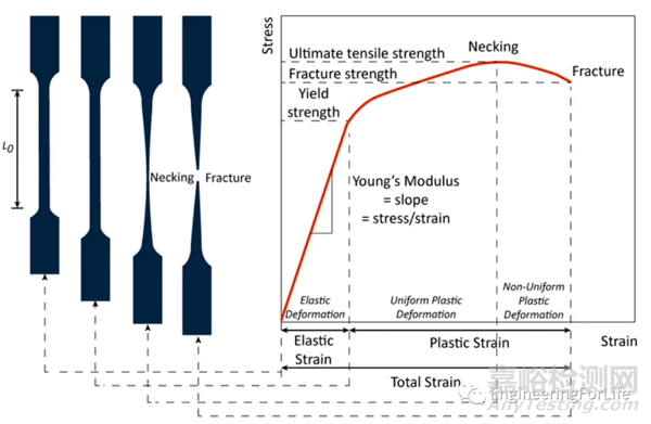 用于確定材料在施加斷裂載荷下的性能,通過使用壓盤或通用測試機上的專用工裝對試樣(一般為長方體或圓柱幾何體)施加壓縮壓力得到應(yīng)力-應(yīng)變圖,用于確定彈性極限、比例極限、屈服點、屈服強度和(對于某些材料)抗壓強度。從圖中選擇合適的應(yīng)變范圍,并對該區(qū)域內(nèi)曲線作斜率得到壓縮模量。圖1顯示了材料壓縮過程中的變化及應(yīng)力應(yīng)變曲線。
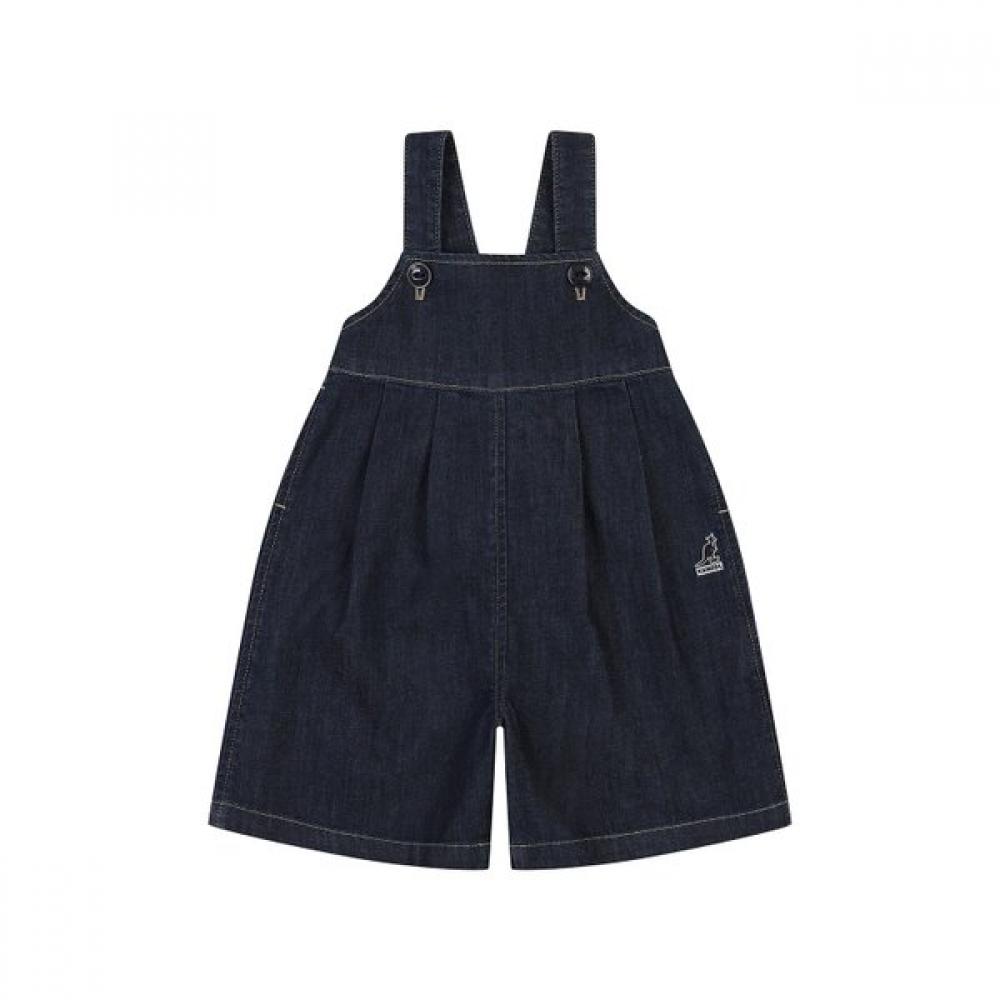[Baby] Denim Wide Fit Overall SB 0D17 Navy is a wide-fit product made from stretch denim material, featuring an 8-9 length. It is distinguished by its wide tucks and stylishly designed wide slits, with an over-slit that naturally falls for an overall relaxed silhouette. The shoulder's additional buttons allow for length adjustment, and it has a padding at the waist for comfortable wear.
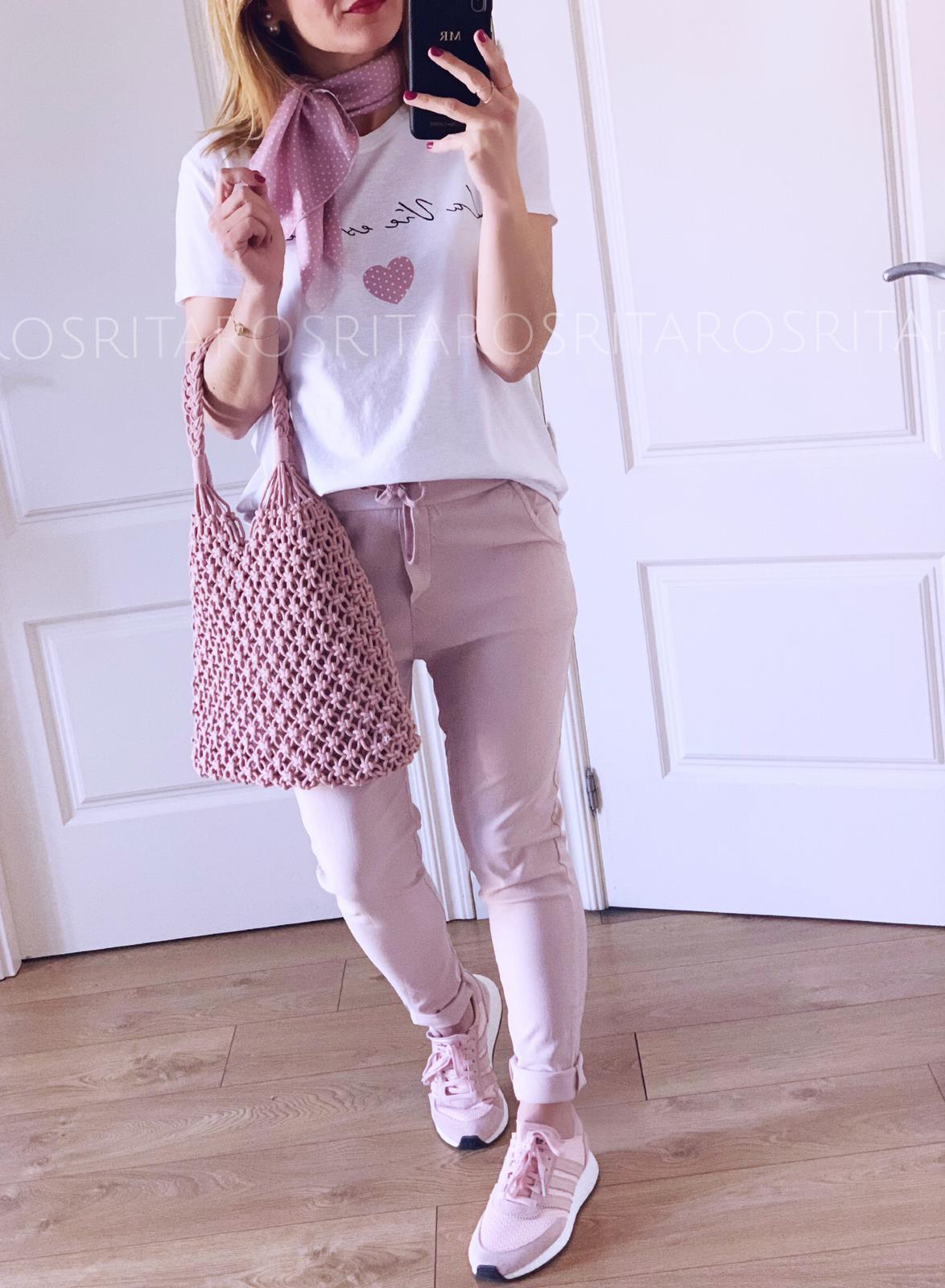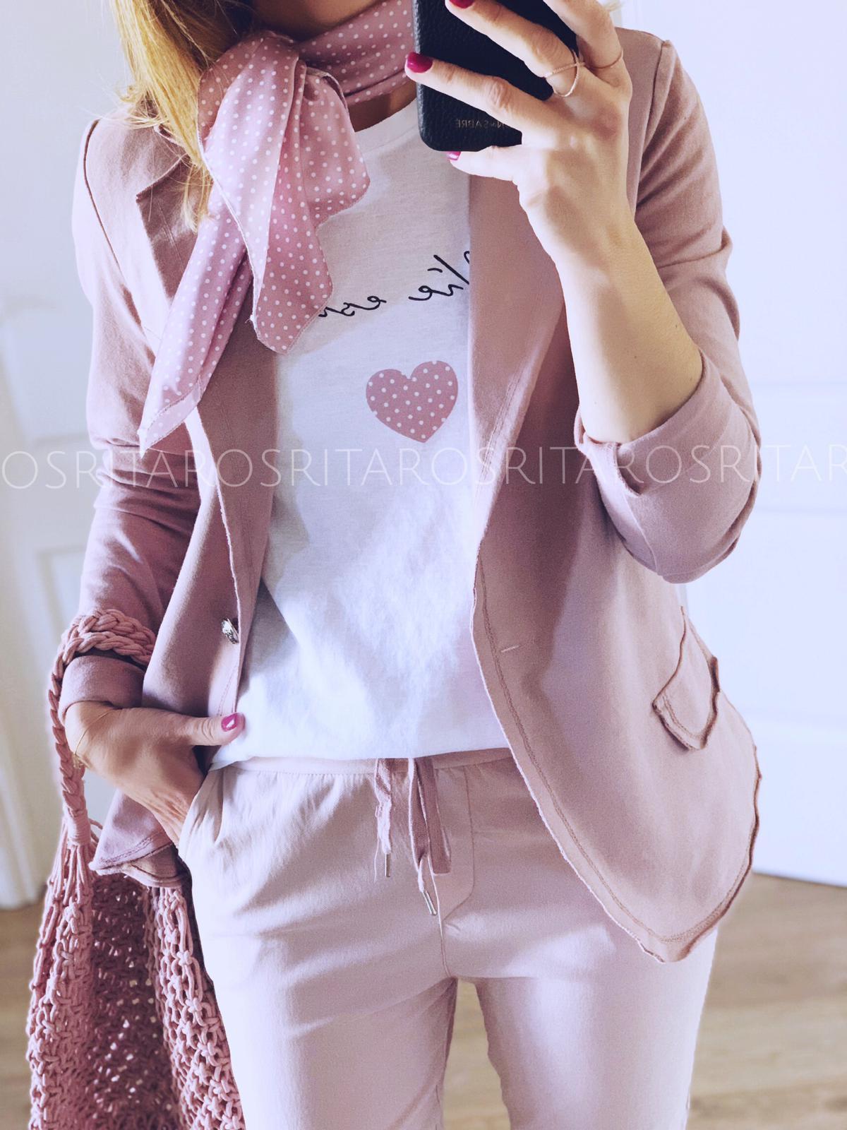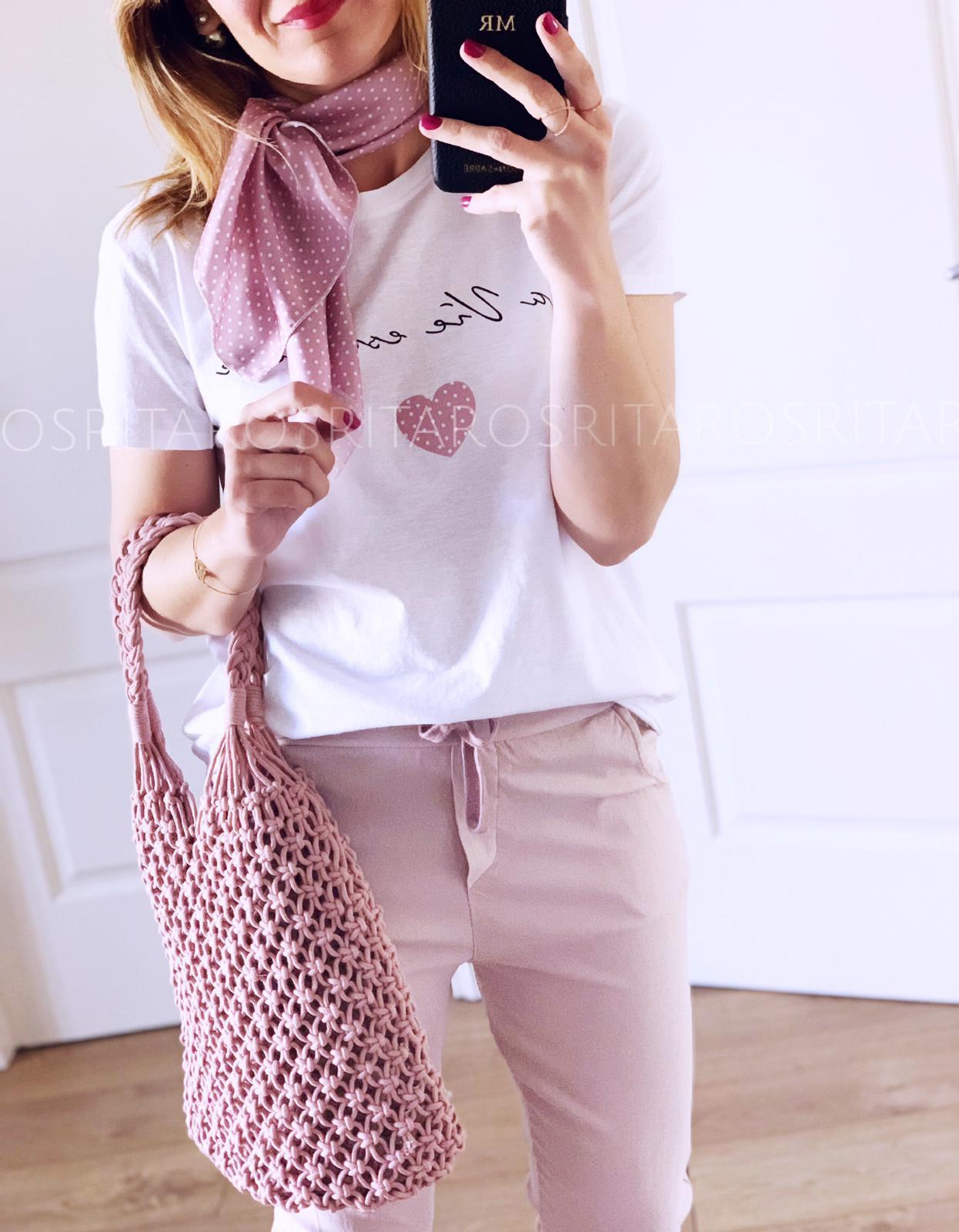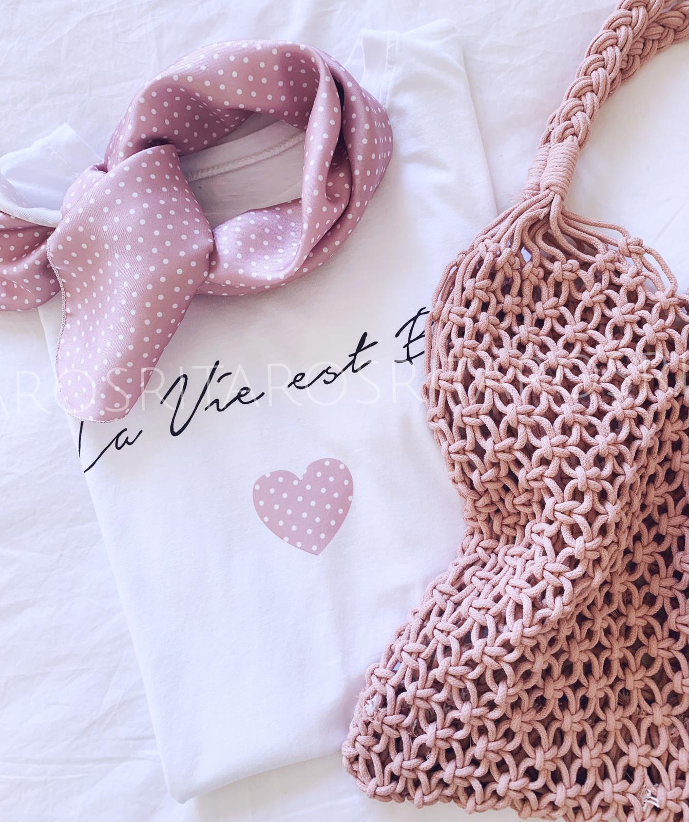 Camiseta de manga corta con detalle mensaje a conjunto con pañuelo. Una prenda y complemento perfectos que hemos combinado con nuestra americana cotton, te encantará el resultado.

※ ※ ※

BRIEF: Only the lines from the one with "[Baby] Denim Wide" to the end of the listing, both ends included, should be retyped exactly; no pictures belong in the copy.

SOLUTION TO THE EXERCISE:
[Baby] Denim Wide Fit Overall SB 0D17 Navy is a wide-fit product made from stretch denim material, featuring an 8-9 length. It is distinguished by its wide tucks and stylishly designed wide slits, with an over-slit that naturally falls for an overall relaxed silhouette. The shoulder's additional buttons allow for length adjustment, and it has a padding at the waist for comfortable wear.
 Camiseta de manga corta con detalle mensaje a conjunto con pañuelo. Una prenda y complemento perfectos que hemos combinado con nuestra americana cotton, te encantará el resultado.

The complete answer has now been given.